A menudo decimos que el fútbol debe dar ejemplo. Que un deporte globalizado y que aglutina las miradas de tantos millones de personas debe preocuparse por la imagen que proyecta. Porque, a menudo, el fútbol es una metáfora de la sociedad que somos. Un fenómeno de tal magnitud, pues, debe dar ejemplo. Estos días hemos pensado mucho en esto. Nos hemos preguntado si la competición tiene que volver a toda costa. Cómo puede el fútbol disponer de tanto material sanitario, de tantos tests diarios, de tantas medidas de clase vip si el resto de la población, y en especial los sanitarios y el personal que trabaja en primera línea, no dispone de todo ello. Hemos visto, incluso, a futbolistas mostrándose contrarios a tener un trato distinto al del resto de la población. Loable. La posible vuelta de los campeonatos ha provocado dilemas de toda clase. No podemos olvidar la salud de los futbolistas y del personal involucrado. No podemos olvidar que somos los aficionados los que le damos sentido a esto. ¿Está, pues, el interés económico por delante de todo? Sí, por desgracia, el interés económico está por delante de todo. En el fútbol y en la sociedad. Pero esa no puede ser la única forma de analizarlo.

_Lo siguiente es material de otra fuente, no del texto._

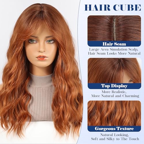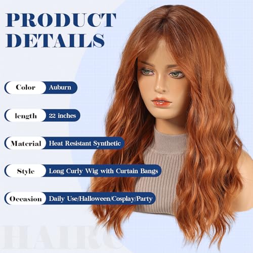 HAIRCUBE Damen Perücke,Auburn Perücke Lange Lockige Mit Pony Für Frauen,Natürliche Synthetische Haare,22 Zoll, Geeignet Für Halloween/Partys/Alltägliches Tragen.(Auburn)

Creo que hay que aprovechar esta crisis para refundar el fútbol: para devolverle sus valores primigenios, para arrancarle la costra de intereses y corruptelas, para elevar su verdadera esencia. Pero, de igual modo, hay que aprovechar esta crisis para refundar nuestro modelo de sociedad: el que destruye el planeta, el que deja atrás al lábil, el que rinde culto a lo material, el que devora nuestro tiempo. El capitalismo feroz deber ser revisado. Todo va de la mano.

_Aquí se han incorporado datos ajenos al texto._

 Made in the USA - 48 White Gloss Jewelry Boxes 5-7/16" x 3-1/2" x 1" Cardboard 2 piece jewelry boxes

Pero, mientras tanto, el planeta sigue girando. Hemos congelado las calles, vaciado los parques, renunciado a los abrazos, prescindido de la cultura en directo y extirpado las emociones de las gradas. Estamos apretando los dientes durante una sempiterna cuarentena deseando que nos abran la puerta de una puta vez para recuperarlo todo en un grito. Pero no. Ahí fuera nada volverá a ser como antes. Saldremos enérgicos, para retomar la vida ahí donde la dejamos, pero no estará. Deberemos adaptarnos a la nueva. No queda otra. Habrá que aprender a disfrutar de restaurantes semi vacíos, de fiestas mayores sin verbenas, de visitas a los abuelos a distancia, de conciertos online o de besos al aire. Al menos durante un largo tiempo, toca ser conformistas y aprender a emocionarnos con pequeñísimas dosis de lo que éramos. Porque si la alternativa es seguir escondidos en la trinchera, doce, quince o dieciocho meses, renunciando a todo hasta que haya una vacuna, yo prefiero al menos disfrutar de ese uno por ciento de vida.

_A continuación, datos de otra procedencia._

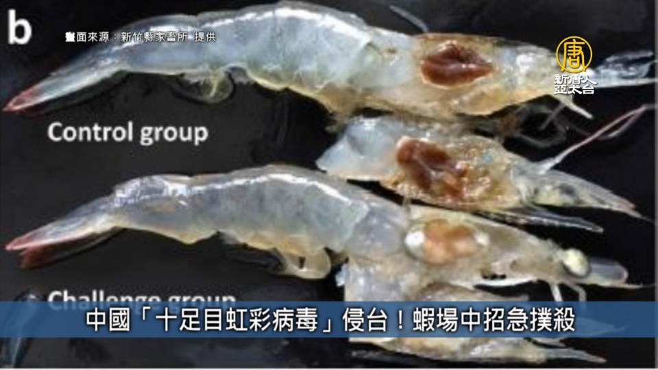 中國今年4月底傳出沿海蝦子感染「十足目虹彩病毒」,造成蝦子大量死亡,台灣蝦苗雖是從泰國越南進口,未直接中國進口,但農委會也趕在5月22日公告「十足目虹彩病毒之指定輸入應施檢疫物及檢疫措施」,5月29日起進口蝦需檢驗此項病毒,沒想到仍舊無法防堵,不到半個月就在新竹一螯蝦場確診已全面清除銷毀,新北市一白蝦場疑感染,農委會也緊急檢測全台養蝦場。

Y quizá con el fútbol toca lo mismo -más allá de los motivos económicos y estructurales-. Toca aprender a gritar un gol sin el abrazo con el compañero. Y toca sufrir desde el sofá sin poder desgañitarse en la grada. Porque el regreso de un espectáculo desangelado puede ser un buen ejemplo para ilustrar lo que habrá a partir de ahora. Si a menudo el fútbol es una buena metáfora de la sociedad, esta vez también puede serlo. El fútbol puede ser ejemplo y nos puede enseñar a entender y a asumir lo que nos espera ahí afuera. Puede ser una buena herramienta para mostrarnos el camino de una larga resignación. Un fútbol que -por supuesto- nadie desea, sin alma, sin público, pero vivo. Al menos vivo. Hemos sabido que, como mínimo, hasta 2021 no volveremos a las gradas y hay quien aboga por no retomarlo hasta que no podamos llenar los estadios, pero a mí me parece imposible asumir tantos meses sin el balón rodando. Yo prefiero -siempre que se aseguren las garantías sanitarias-, al menos, disfrutar de ese uno por ciento de fútbol, de ese uno por ciento de vida.
Quiero volver a abrazar a mis padres, pero me conformaré con verlos a dos metros, cuando sea posible. Y quiero volver al estadio, de la mano de mi hijo, pero me conformaré con ver la pelota a ras de césped, silenciosa, apretando los dientes deseando recuperar la verdadera esencia de lo que siempre ha sido.